* [Input material]
+ + + + +
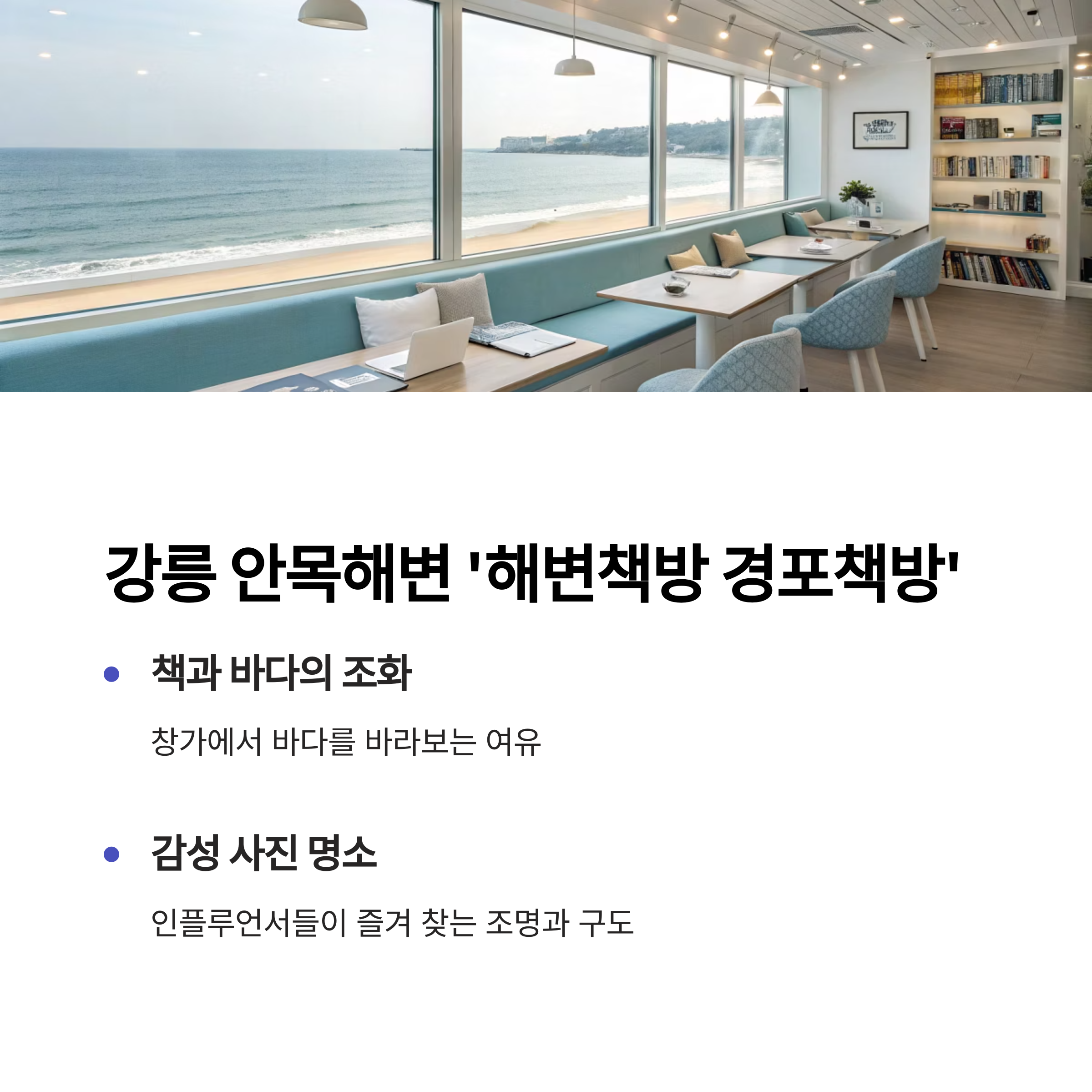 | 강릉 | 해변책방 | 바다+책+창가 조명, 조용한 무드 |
+ + + + +
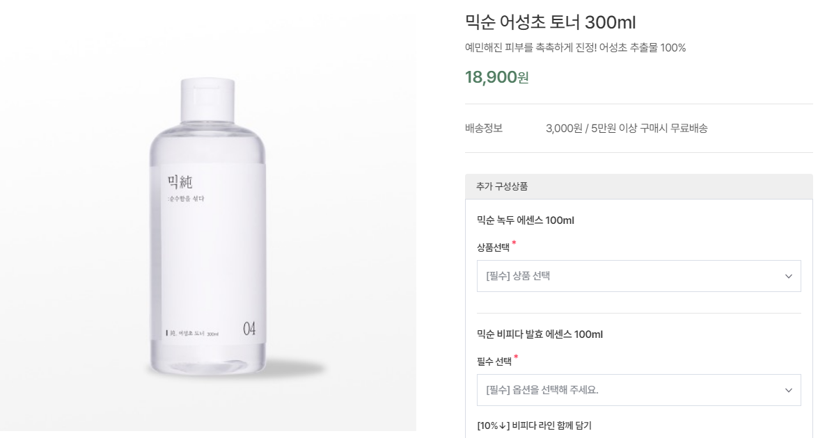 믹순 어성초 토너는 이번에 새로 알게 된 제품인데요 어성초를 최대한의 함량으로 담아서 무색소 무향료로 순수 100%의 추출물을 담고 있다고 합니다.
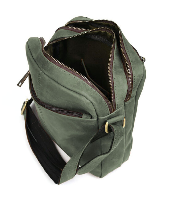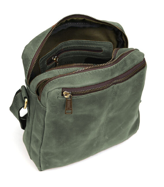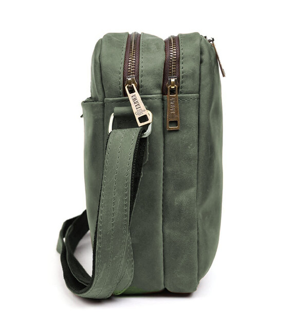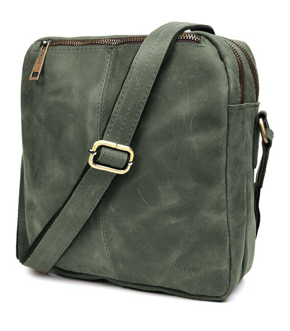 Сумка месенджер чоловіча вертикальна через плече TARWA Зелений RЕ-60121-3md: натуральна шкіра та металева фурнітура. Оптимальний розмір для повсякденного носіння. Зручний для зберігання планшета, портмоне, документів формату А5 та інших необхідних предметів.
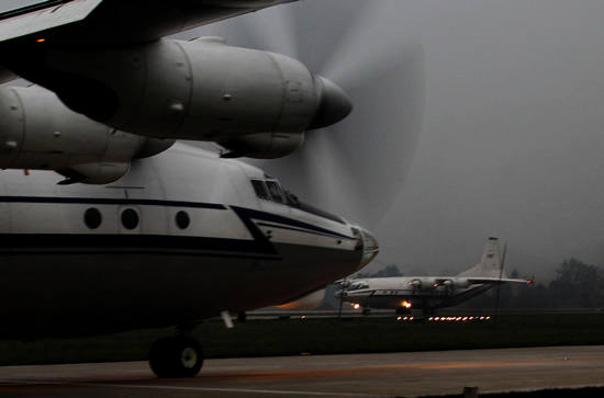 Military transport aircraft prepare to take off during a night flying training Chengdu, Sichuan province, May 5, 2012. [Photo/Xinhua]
+ + + + +
* [What to work on]
Beginning with the line that contains "Сумка месенджер чоловіча", write out the lines of the material above exactly, and end with the line that contains "Military transport aircraft". Omit the pictures.

* [Output of the exercise]
 Сумка месенджер чоловіча вертикальна через плече TARWA Зелений RЕ-60121-3md: натуральна шкіра та металева фурнітура. Оптимальний розмір для повсякденного носіння. Зручний для зберігання планшета, портмоне, документів формату А5 та інших необхідних предметів.
 Military transport aircraft prepare to take off during a night flying training Chengdu, Sichuan province, May 5, 2012. [Photo/Xinhua]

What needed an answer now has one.